2.2 Model Deployment

2.3 Model running

2.3.1 Enter directly in the command line for question and answer

2.3.2 Using the gradio library to generate a question-and-answer page 

3. Comparison of the effect of the model with ChatGPT and GPT4AII

3.1 ChatGLM

3.2 ChatGPT

3.3 GPT4AII

Four. Summary


1. What is ChatGLM?

ChatGLM-6B is an open source dialogue language model that supports Chinese and English bilinguals. It is based on the  General Language Model   architecture and has 6.2 billion parameters. Combined with model quantization technology, users can deploy locally on consumer-grade graphics cards (only 6GB of video memory is required at the INT4 quantization level). ChatGLM-6B uses technology similar to ChatGPT, optimized for Chinese Q&A and dialogue. After about 1T identifiers of Chinese-English bilingual training, supplemented by supervision and fine-tuning, feedback self-help, human feedback reinforcement learning and other technologies, ChatGLM-6B with 6.2 billion parameters has been able to generate answers that are quite in line with human preferences.

2. Local deployment

2.1 Model download

Demo download address:

GitHub - ZhangErling/ChatGLM-6B: A version that provides Windows deployment documents | ChatGLM-6B: Open Source Bilingual Dialogue Language Model | An Open Bilingual Dialogue Language Model

2.2 Model Deployment

1. Open the project file with Pycharm;

2. Use pip to install dependencies: pip install -r requirements.txt, where  transformers the library version is recommended  4.27.1, but theoretically not lower than  4.23.1 that;

2.3 Model running

There are two demo codes in the  .../ChatGLM/  directory:

2.3.1 Enter directly in the command line for question and answer

(1) Modify the model path. Edit  the cli_demo.py  code, modify the model folder path in lines 5 and 6, and replace the original  "THUDM/ChatGLM-6B"  with  "model"  .
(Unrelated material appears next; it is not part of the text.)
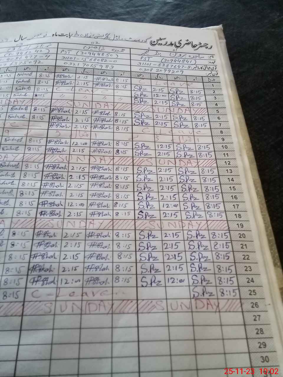 | CNIC | Full Name | Designation | R/C | Absence During Last Calender Month |

(2) Modify the quantized version. If your video memory is larger than 14G, you can skip this step without quantization. If your video memory is only 6G or 10G, you need to add quantize(4)  or  quantize(8) on line 6 of the code   , as follows:

# 6G 显存可以 4 bit 量化
model = AutoModel.from_pretrained("model", trust_remote_code=True).half().quantize(4).cuda()

# 10G 显存可以 8 bit 量化
model = AutoModel.from_pretrained("model", trust_remote_code=True).half().quantize(8).cuda()

(3) Run  cli_demo.py 

2.3.2 Use  the gradio  library to generate a question-and-answer page 

Use  the gradio  library to generate a question-and-answer page (the effect is shown in 3).

 (1) Install the gradio library:

pip install gradio

(2) Modify the model path. Edit  the cli_demo.py  code, modify the model folder path in lines 5 and 6, and replace the original  "THUDM/ChatGLM-6B"  with  "model"  .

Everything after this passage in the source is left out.